**Directions for this task**
Your copy should contain exactly the lines from the one that holds "З середини жовтня" through the end of the material, reproduced as written, with no pictures.

**Dataset excerpt**
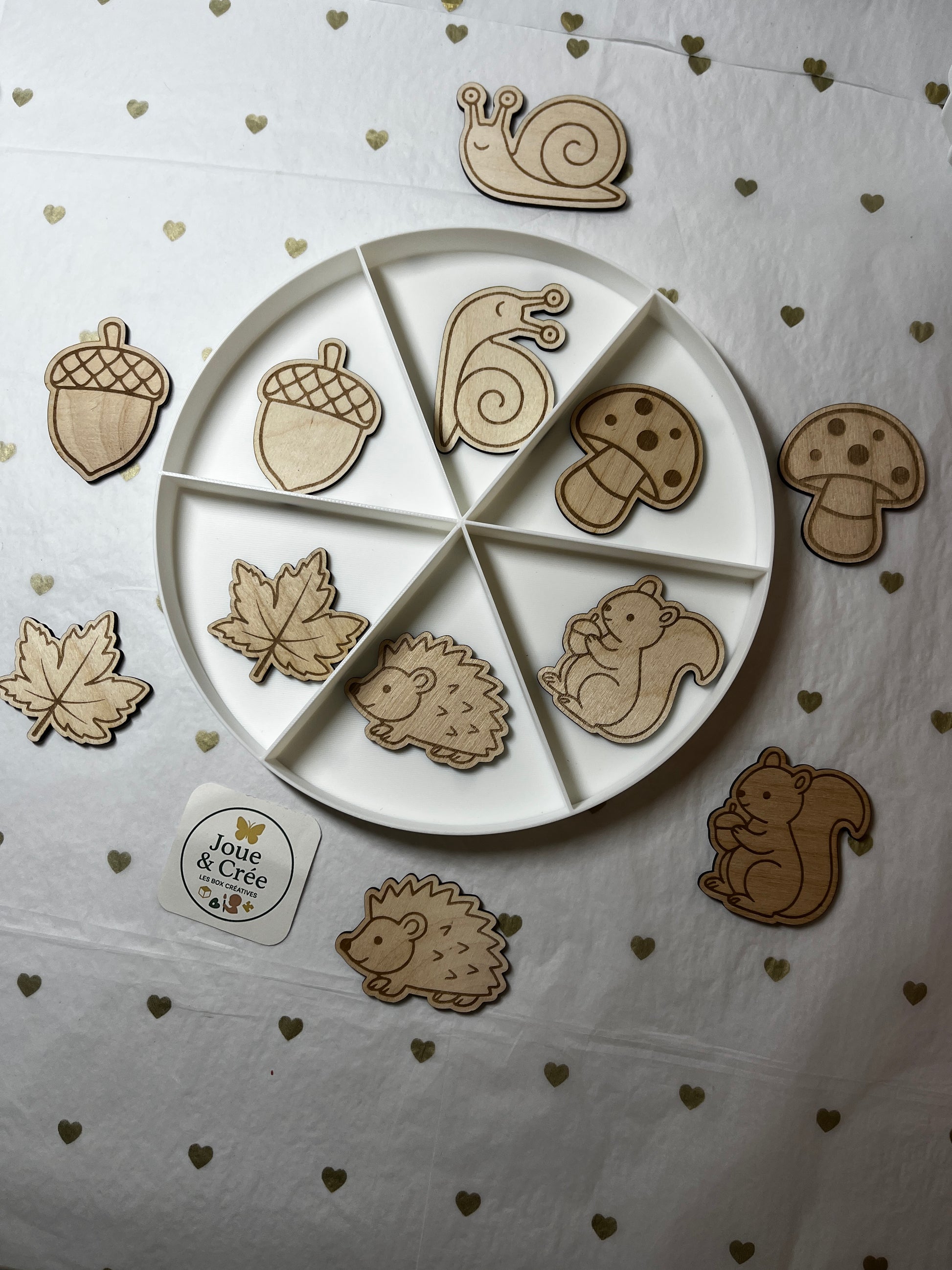 (2 exemplaires de chaque motif) Écureuil, Escargot, Hérisson, Feuille d’érable, Gland et Champignon
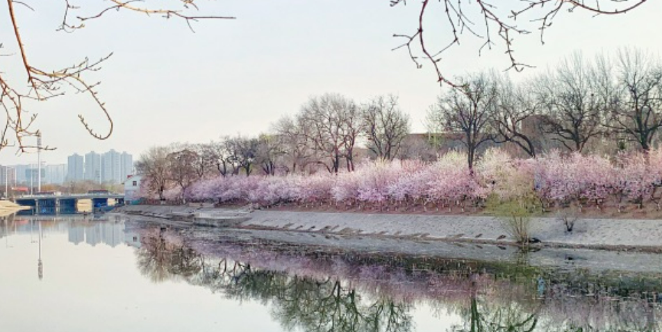 桃花堤公园不是很大,但整个北运河河畔全是桃树,是天津比较著名的一个赏桃花的景点。
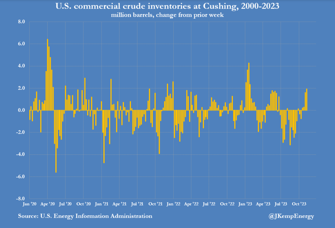 З середини жовтня запаси в Кушингу зростали протягом чотирьох тижнів поспіль, збільшившись на 4 млн барелів. Це контрастує з майже безперервним скороченням, яке тривало з кінця червня. Протягом цього періоду запаси сумарно впали на 22 млн барелів.
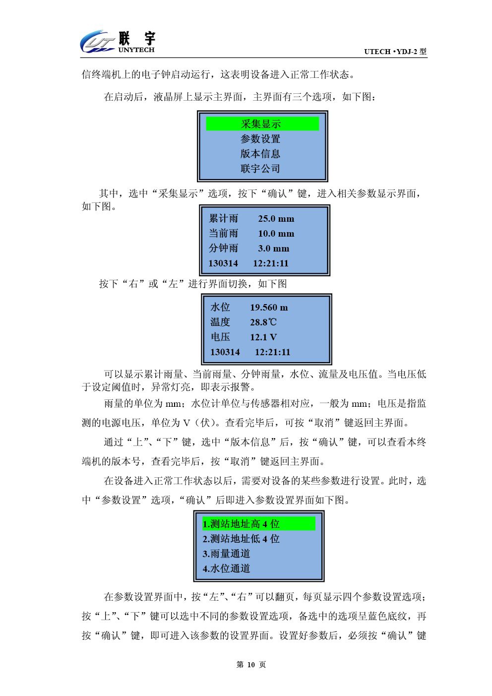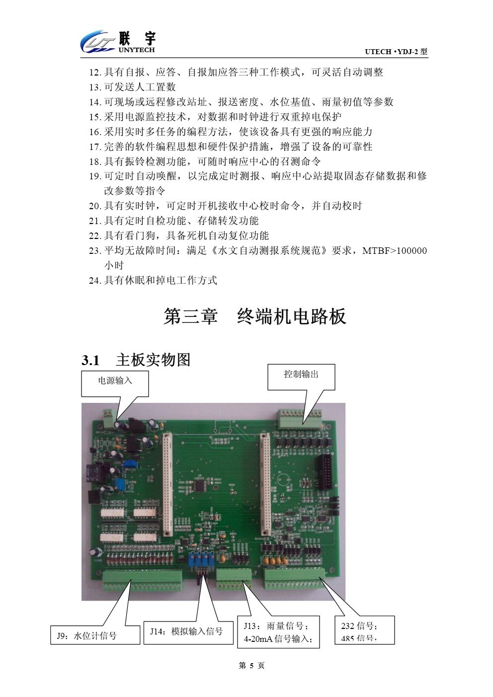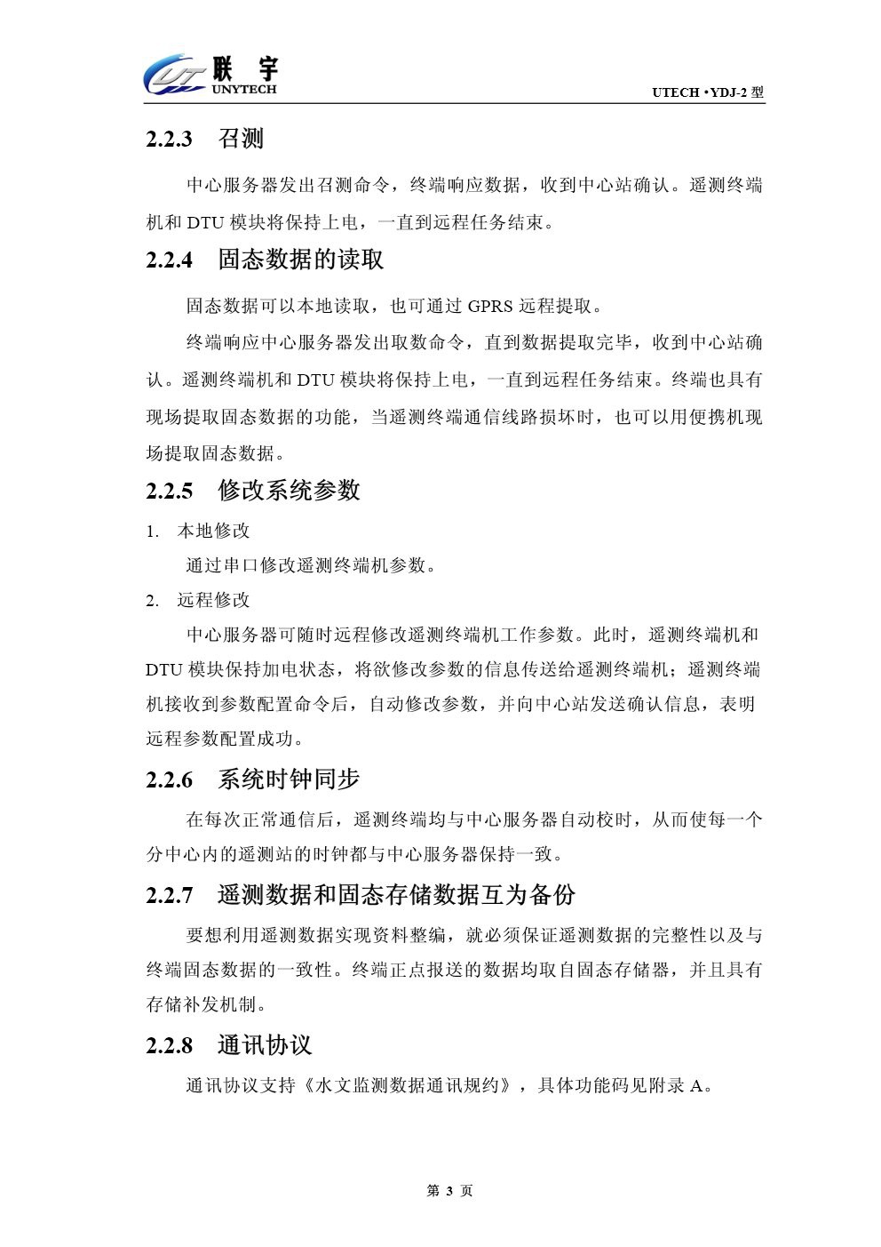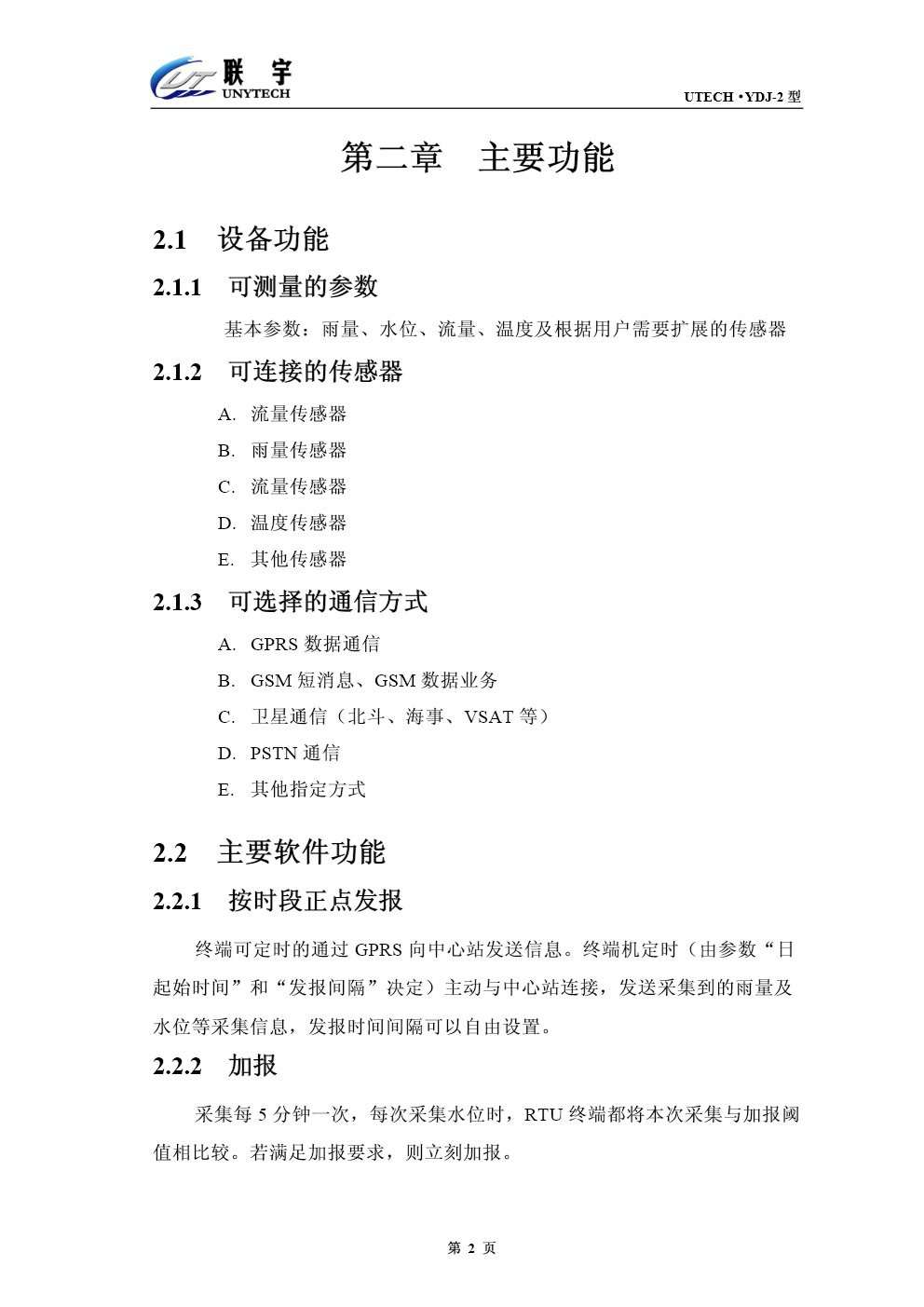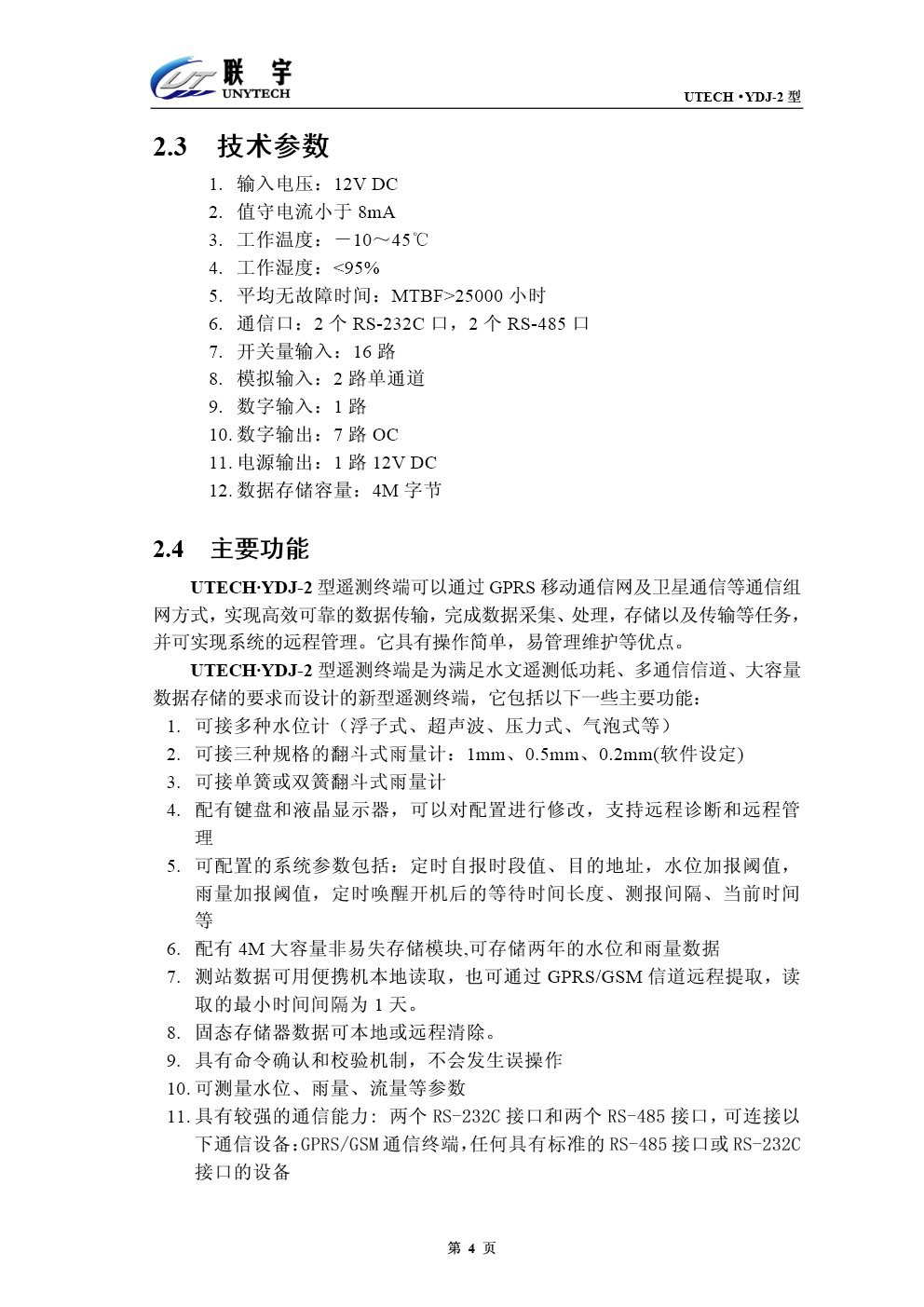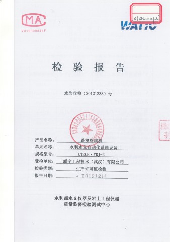 YDJ-2型遥测终端机是亚娱体育研发的一种高性能信息采集装置,集数据采集、显示、存储、通信和远程管理等 功能于一体。具有多种传感器接口,可监测水位、雨量、流量、风速风向、气温气压等多种参数,适用于山洪预警、水文遥测、气象 监测、水资源管理、中小河流治理、灌区信息化等项目。 规约检测 该装置已通过水利部水文仪器及岩土工程仪器质量监督检验测试中心型式检验 通过水利部水文仪器及岩土工程仪器质量监督检验测试中心《水文监测数据通信规约》规约检测 通过水利部水文仪器及岩土工程仪器质量监督检验测试中心《水资源监控管理系统数据传输规约》规约检测 获得湖北省质量技术监督局颁发的工业产品生产许可证水文仪器(鄂XK07-002-00005)。

**Response to the task**
 З середини жовтня запаси в Кушингу зростали протягом чотирьох тижнів поспіль, збільшившись на 4 млн барелів. Це контрастує з майже безперервним скороченням, яке тривало з кінця червня. Протягом цього періоду запаси сумарно впали на 22 млн барелів.
 YDJ-2型遥测终端机是亚娱体育研发的一种高性能信息采集装置,集数据采集、显示、存储、通信和远程管理等 功能于一体。具有多种传感器接口,可监测水位、雨量、流量、风速风向、气温气压等多种参数,适用于山洪预警、水文遥测、气象 监测、水资源管理、中小河流治理、灌区信息化等项目。 规约检测 该装置已通过水利部水文仪器及岩土工程仪器质量监督检验测试中心型式检验 通过水利部水文仪器及岩土工程仪器质量监督检验测试中心《水文监测数据通信规约》规约检测 通过水利部水文仪器及岩土工程仪器质量监督检验测试中心《水资源监控管理系统数据传输规约》规约检测 获得湖北省质量技术监督局颁发的工业产品生产许可证水文仪器(鄂XK07-002-00005)。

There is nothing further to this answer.